Another context in which the etimasia sometimes appears from the Middle Byzantine period is Pentecost, in Orthodoxy also the Feast of the Trinity. Here a trinitarian etimasia with the dove representing the Holy Spirit may be found, as in the 12th century mosaics on the roof of the west dome of St Mark's, Venice, where the centre is an etimasia with book and dove, with the twelve apostles seated round the outer rims, with flames on their heads and rays connecting them to the central throne. Below the apostles pairs of figures representing the "nations", with tituli, stand between the windows. Similar images are found in the Chludov Psalter and elsewhere.
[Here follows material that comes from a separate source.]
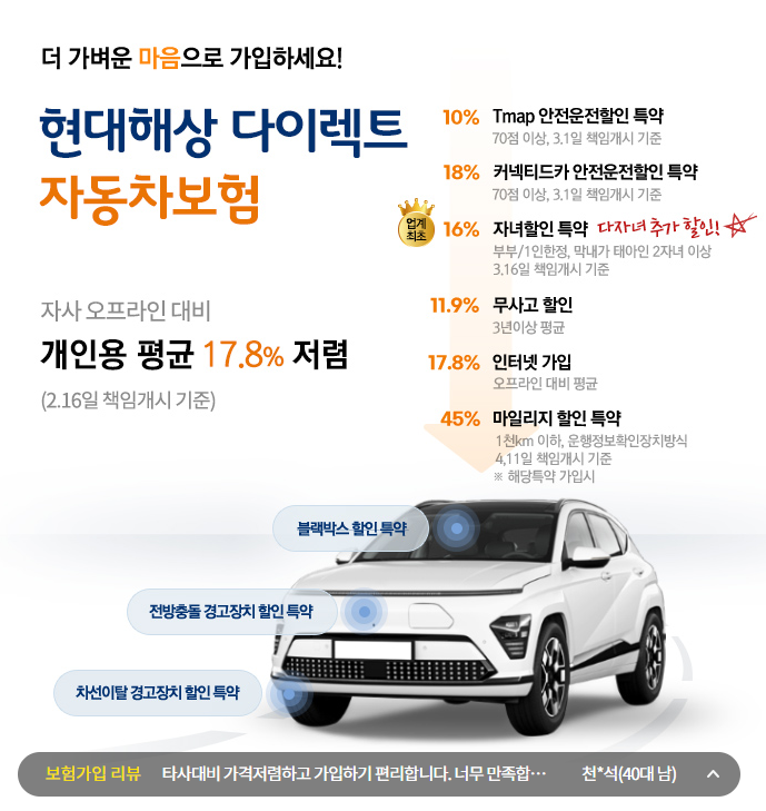 매년 갱신하는 자동차보험 올해는 얼마나 할인 받는지 이리저리 알아보기 상당히 귀찮습니다. 또 어떤 특약이 생겼고, 어떤 특약이 나에게 필요한지 매년 달라져 잘 모르시는 분들이 많은데요.

However, in this case the etimasia did not become part of a conventional composition, and it is not found in modern icons of the Pentecost.

It has been suggested that the empty stool with a cushion in the foreground of Jan van Eyck's Annunciation in Washington may suggest the empty throne; van Eyck characteristically uses domestic fittings to represent doctrinal references.

==Scriptural references==
The image has been regarded as illustrating a number of different passages from the Bible. For the later Byzantines the etimasia was the "sign of the Son of man" of Matthew 24:30:
"And then shall appear the sign of the Son of man in heaven: and then shall all the tribes of the earth mourn, and they shall see the Son of man coming in the clouds of heaven with power and great glory". The understanding of the image as a symbol for the Second Coming also drew on Psalms 9:7: "But the Lord shall endure for ever: he hath prepared his throne for judgment". where the Septuagint has "ἡτοίμασεν" ("hetoimasen") for "prepared". Psalm 89:14:"Justice and judgment are the habitation of thy throne: mercy and truth shall go before thy face" is another relevant passage, using the word in the Septuagint (instead of the "habitation" of the King James Version), giving "ἑτοιμασία τοῦ θρόνου" or "preparation of your throne". Throne imagery is found above all in the Book of Revelation, especially chapter 4, although the throne therein is already occupied.

==Terminology==
The Greek verb ἑτοιμασεν ("hetoimasen") means "to prepare" or "to make ready". It will be seen that the name "hetoimasia", meaning "preparation" or "that which has been prepared", with "throne" ("thronos" in Greek) only implied, is more appropriate to the Eastern images after about 1000 than to those before. The use of the name for both groups was established in the 19th century by the French art historian Paul Durand (from 1867), and despite protests has stuck. In more modern Orthodox contexts "etimasia" and "prepared throne" are typically used, and in art history relating to the earlier group "hetoimasia" and "empty throne" - exclusively the latter in non-Christian contexts where a more specialized term is not used. There are various other transliterations and translations: "hetimasia", "throne made ready" etc.